The first officer had not flown on type for more than 3 months and felt being behind the aircraft already during taxiing the aircraft via D and A to runway 25. While approaching the hold short line the crew contacted tower and received takeoff clearance. The crew subsequently worked the Line Up checklist with the first officer reading the points of the checklist. The first officer however overlooked the point "Flight Controls" in that checklist, the flight controls thus were not checked for free movement by either pilot. On a further point "Stall Protection" the first officer did not find the relevant switches, the captain found them "not so important", hence the stall protections were't activated. 92 seconds after being cleared for takeoff the crew commenced takeoff, the captain noticed, while steering the aircraft via nose wheel steering, that stall protections and landing lights were not switched on. Upon reaching 70 knots the captain handed controls to the first officer. The captain later reported that the aircraft continued straight for a couple of seconds before veering right.

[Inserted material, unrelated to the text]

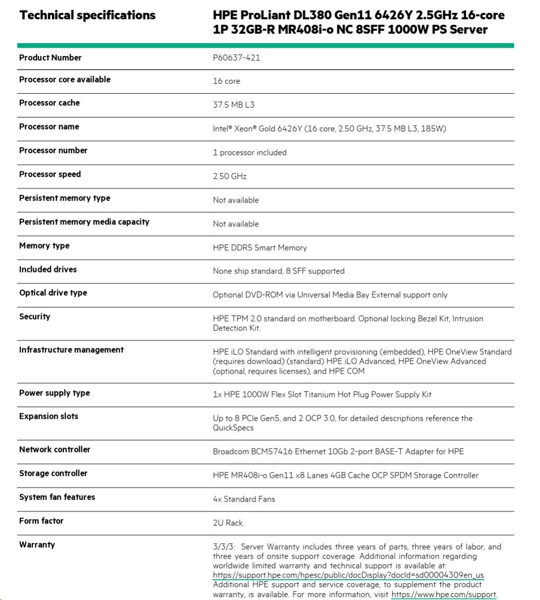 | Warranty | 3 Years Parts / 3 Years Labor / 3 Years Onsite Support Warranty Info HPE Support |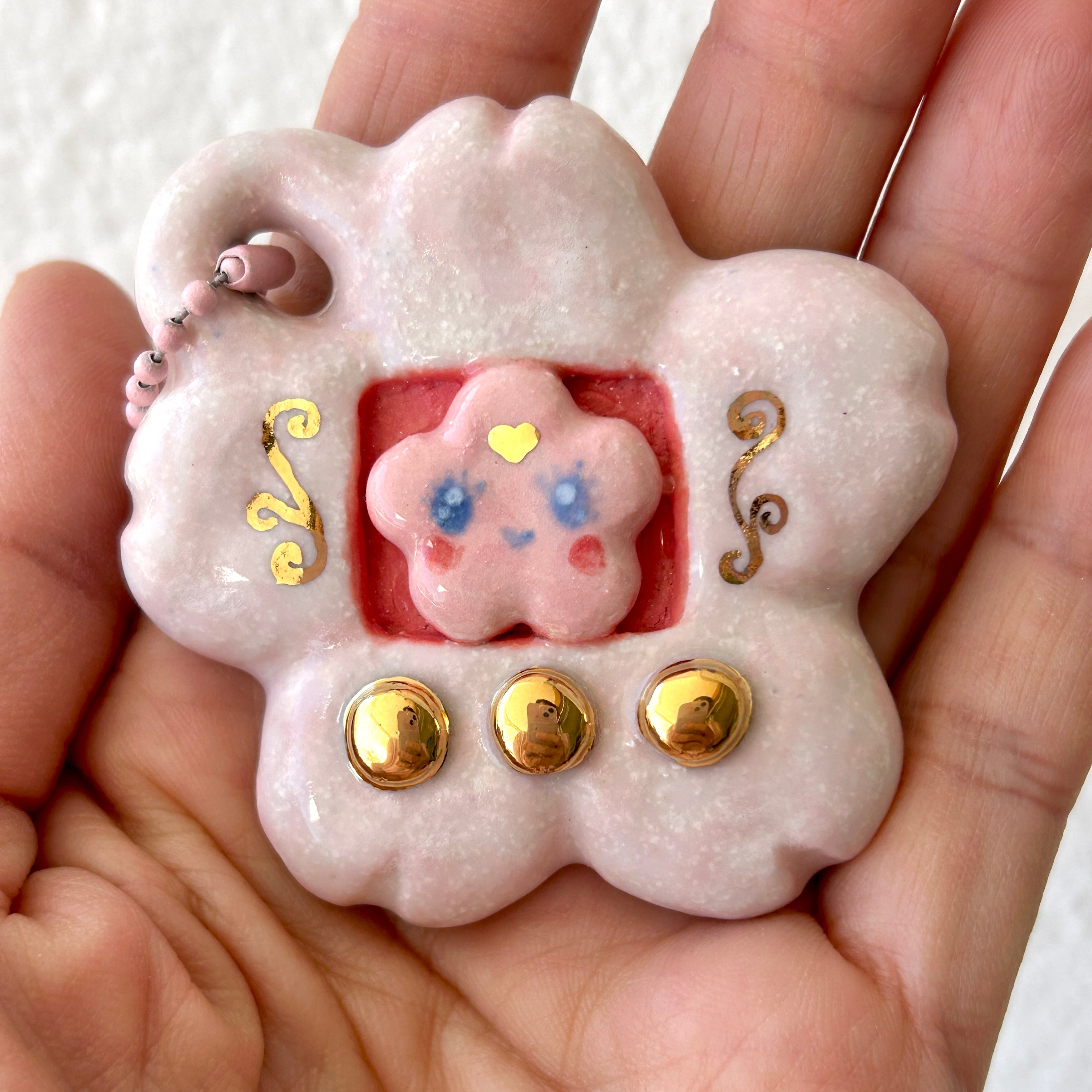 Glossy ceramic sculpture of a Tamagotchi toy with a pink cherry blossom shaped body and a small cherry blossom character inside. Gold gilded patterning and buttons are on the toy and it is attached to a chain.

Following the rejected takeoff a runway inspection found damage to runway edge light, a sign (for the glider area). The aircraft received damage to a right propeller blade, the left main tyre and the right luggage hold, fuel leaked at the joints of left and right main gear struts to the wings.
The captain reported the gust lock lever was in the upper position, which locks the flight controls.
The BFU reported with the gust lock lever in the locked position, it should have been impossible to advance the thrust levers to above flight idle. However, the thrust levers could be freely moved even with the gust lock lever in the locked position. The fork end of a driving rod, that should have locked the thrust levers, was found bent by 45 degrees, so that it could no longer block the thrust levers. That mechanism had been last checked on Mar 19th 2019 with no anomaly detected.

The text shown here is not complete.